If no orders can be cleared then a clearing volume of 0 is returned. In this case, the clearing price is meaningless and is set to 0. For example, this happens if one of the input arrays is empty or if the lowest ask is higher than the highest bid.
You can run the Motoko code live with your own input in the live link.

Algorithm 2
We now present a second implementation which has two nested loops instead of a single loop. It steps the bids in an outer loop and asks in an inner loop. Since such an approach cannot step both sides at once, it has to track additional information to handle the case when the accumulated volumes on both sides are equal.
If we are only interested in knowing the lower end of the range as the clearing price, not the full range, then the additional tracking isn’t necessary.

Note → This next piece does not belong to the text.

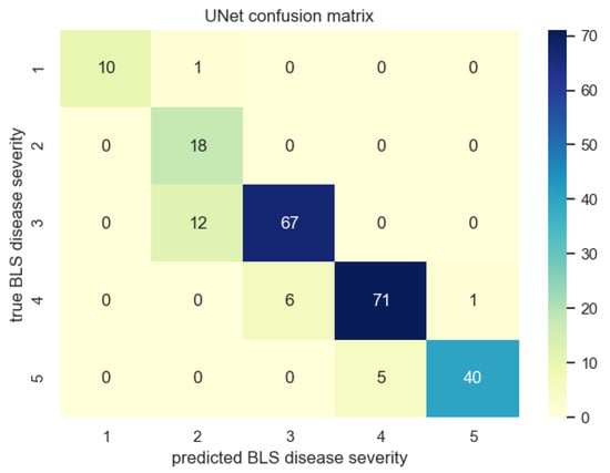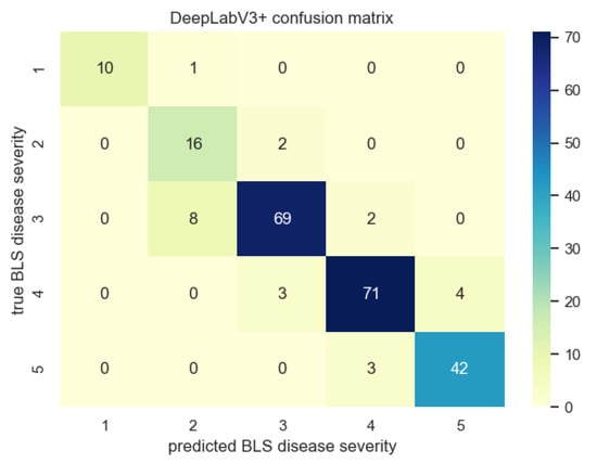 Precise areas of the disease lesion that are needed for the investigation of disease severity can be extracted based on the segmentation results. The trained models were used to segment the validation dataset, and the percentage of the BLS diseased lesion area in a sample was then recorded to obtain the disease severity in each image according to the criteria outlined in Section 2.2. To compare the effectiveness of BLSNet, UNet, and DeepLabV3+ in determining different levels of BLS disease severity, confusion matrices were used, as shown in Figure 12, Figure 13 and Figure 14. The classification accuracy of different levels of disease severity is shown in Table 5. In confusion matrices, the number in each row represents the number of the predicted category corresponding to the true category. It can be seen that for level 2 damage severity, UNet achieved the highest accuracy, while the best results of disease severity level determination were achieved by BLSNet for the other four levels. As for the overall classification accuracy, BLSNet was higher than UNet and DeepLabV3+.

We show this simpler algorithm first:
func clearAuction(bids : [Order], asks : [Order]) : {
price : Nat;
volume : Nat
} {
var bidVolume = 0; // cumulative volume
var askVolume = 0; // cumulative volume
var price = 0;
var i_bid = 0;
var i_ask = 0;
// invariant here: askVolume >= bidVolume
label L while (i_bid < bids.size()) {
let bid = bids[i_bid];
if (bid.price < price) break L;
bidVolume += bid.quantity;
while (askVolume < bidVolume and i_ask < asks.size()) {
let ask = asks[i_ask];
if (ask.price > bid.price) break L;
price := ask.price;
askVolume += ask.quantity;
i_ask += 1;
};
i_bid += 1;
};
{ price; volume = Nat.min(bidVolume, askVolume) };
};
Now we add the additional tracking into it to be able to return the full range of maximum volume:
func clearAuctionRange(bids : [Order], asks : [Order]) : {
range : (Nat, Nat);
volume : Nat
} {
var bidVolume = 0;
var askVolume = 0
var ask_price = 0;
var bid_price = 0;
var i_bid = 0;
var i_ask = 0;
label L while (i_bid < bids.size()) {
let bid = bids[i_bid];
if (bid.price < ask_price) break L;
let wasEqual = bidVolume == askVolume;
if (not wasEqual) bid_price := bid.price;
bidVolume += bid.quantity;
while (askVolume < bidVolume and i_ask < asks.size()) {
let ask = asks[i_ask];
if (ask.price > bid.price) break L;
if (wasEqual) bid_price := bid.price;
ask_price := ask.price;
askVolume += ask.quantity;
i_ask += 1;
};
i_bid += 1;
};
{
range = (ask_price, bid_price);
volume = Nat.min(bidVolume, askVolume);
};
};
Mops package
Extended version of the last two algorithms are published on mops: https://mops.one/auction
The extensions include:
input accepted as Iterators instead of Arrays
generic price type (type parameter) so that the price type can be Nat, Int or Float
robust against edge cases such as orders with volume 0
We look forward to a fully on-chain, decentralized and fair exchange based on uniform-price call auctions.